Successful policy development and program delivery require departmental officers to have a strong understanding of this complex environment generally, and of the particular structural issues and regulatory framework applicable to the specific area they are working on. All too often staff are moved on before they have developed the understanding to make a significant contribution.
The lack of a knowledgeable workforce with relevant expertise – combined with the dead hand of staff ceilings – has led the department to an excessive reliance on consultancy services. Austender shows that in 2018 (before COVID-19) the department let 254 contracts for consultancy services, worth a total $61.3 million. Many of these were for legal services or specialist technology assessment. Others were for tasks that ought to have been well within the scope of departmental staff. For example, the University of Melbourne received $44,000 for “desktop research on proposed policy changes that influence medical practitioners.”
As the prime minister and others in his government have observed, Australia’s health and economic outcomes in the first two years of the pandemic were better than those in many other countries. But they could have been so much better if there had been timely vaccine procurement and delivery, effective quarantine services, and an implemented strategy to look after the vulnerable people receiving aged and disability care. The Department of Health is at least partly responsible for the failures in these areas, although ministers must also take responsibility.

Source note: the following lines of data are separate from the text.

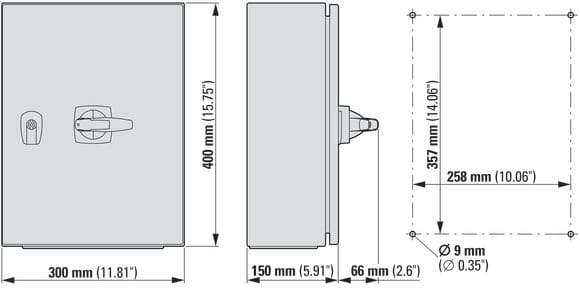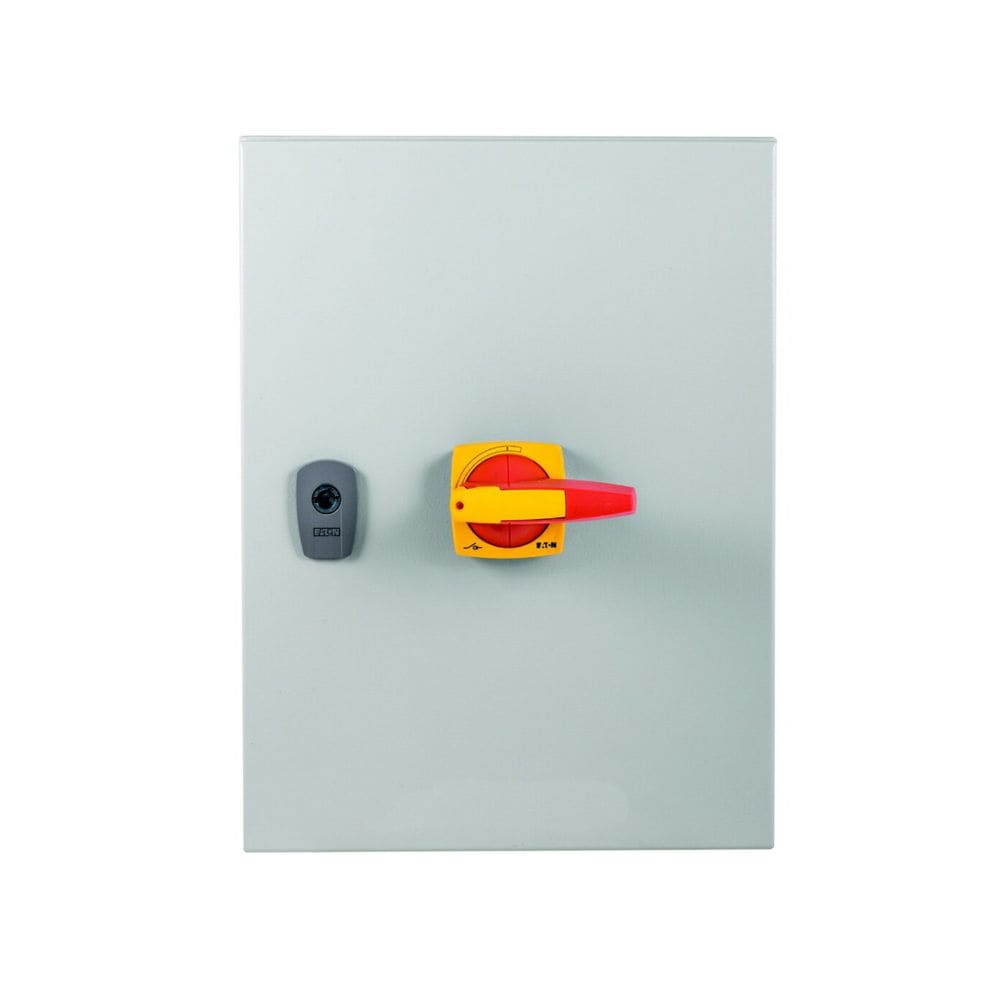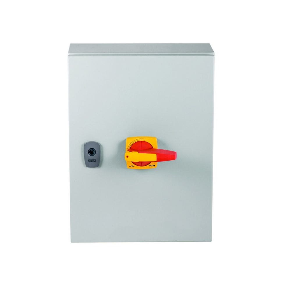 EATON INDUSTRIES - Sezionatore di potenza DMM 160A 4 poli con funzione di spegnimento di emergenza, maniglia rotativa rossa e anello di bloccaggio giallo in custodia DMM-160/4/SE4/P-R.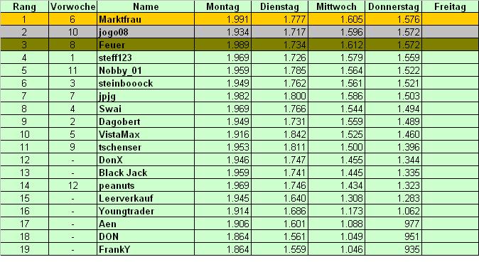 steff123 September 20, 2007 · bearbeitet September 20, 2007 von steff123 Rangliste Donnerstag: Wer wird morgen Steff123 seinen Titel abjagen, oder kann Steff es doch zum 3mal in Folge schaffen.... Spannung !!! Den Titel vielleicht. Aber den Pokal behalte ich. Die Punktezahl kann ja keiner mehr überbieten Das wird spannend morgen Sind ja nur 17 Punkte bis zur Marktfrau Diesen Beitrag teilen Link zum Beitrag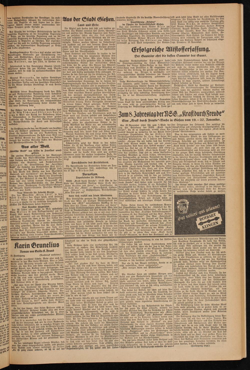Eine »Kraft durch Freude"-Woche in Gießen vom 19.-27. November.

The most recent failure is the booster vaccination program for aged care residents. When it became clear that the rapid spread of the Omicron variant would require the population to receive a third vaccination, the department let a contract with a private provider to deliver booster shots in residential aged care services. But rather than providing for maximum urgency, the terms of the contract apparently allowed the contractor to stand down over the holiday period, at the very time when families and others are most likely to wish to visit their relatives.
This is just plain incompetence, with tragic consequences. On December 17 last year there were 105 aged care residences affected by COVID-19, with 196 cases. By January 20, 1198 services were affected, with 7861 residents testing positive, and 216 people had died.